The empty nest can be a bittersweet time. While it’s a period filled with pride and hope for your child’s future, it can also serve as a catalyst for reflection and reconnection between partners. After 18-plus years of shared parenting, it’s natural to wonder who you and your partner have become and whether your values and goals still align.

 

Who Are You Now?

Before parenthood, you were different people—individuals with distinct dreams, interests, and identities. Parenting can be immensely fulfilling, but it often demands so much that parts of yourself may have receded. Perhaps you once thrived in a nontraditional career, holding strong feminist values. Yet, when you embraced the role of primary caregiver, you might have found yourself stepping into a more traditional identity, putting aside personal aspirations for the sake of family harmony.


As you face the empty nest, it’s time to start rediscovering who you are now. What passions have you shelved? What dreams have been postponed? This is a pivotal moment to reflect on your individual journeys and the shared path you’ve traveled together.

 

Navigating Disconnection

Empty nest couples can reconnect by first acknowledging the disconnection they're feeling. John and Julie Gottman, renowned relationship experts, offer a helpful tool called “Love Maps”. This concept involves understanding each other's worlds—what’s important to your partner, their dreams, and their day-to-day experiences.

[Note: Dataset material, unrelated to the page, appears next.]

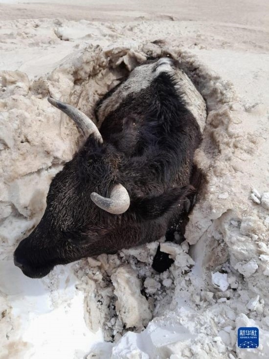 5月20日,在蒙古國(guó)蘇赫巴托爾省,一頭牛被埋在雪堆中。新華社發(fā)(蒙古國(guó)蘇赫巴托爾省BBS電視臺(tái)供圖)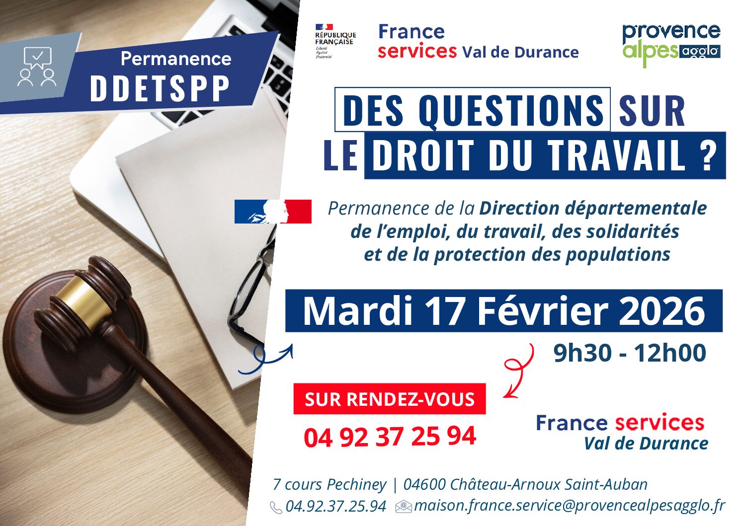 PERMANENCE DDETSPP Le mardi 17 février 2026 De 9h à 12h Dans les locaux de France Services

Start with some thought-provoking questions:

  1. What has been the most significant change in your life since becoming a parent?

  2. What are your current passions or interests that you want to pursue?

  3. How do you envision our future together? What do you hope to achieve as a couple?

  4. Are there any unresolved feelings or issues we should address?

These conversations can serve as a foundation for creating shared meaning and rekindling the intimacy you may have lost over the years. It’s about exploring your partner’s inner landscape and inviting them to understand yours.

 

Looking Ahead

Therapy can help you with the heartbreak of your child leaving home and help you to intentionally define what you want the next phase of life to look like. This can be an opportunity not just to reconnect with your partner but also to forge a deeper understanding of yourselves. With patience and open communication, you can navigate this transition together and emerge stronger, more aligned, and ready to explore the future—both as individuals and as partners.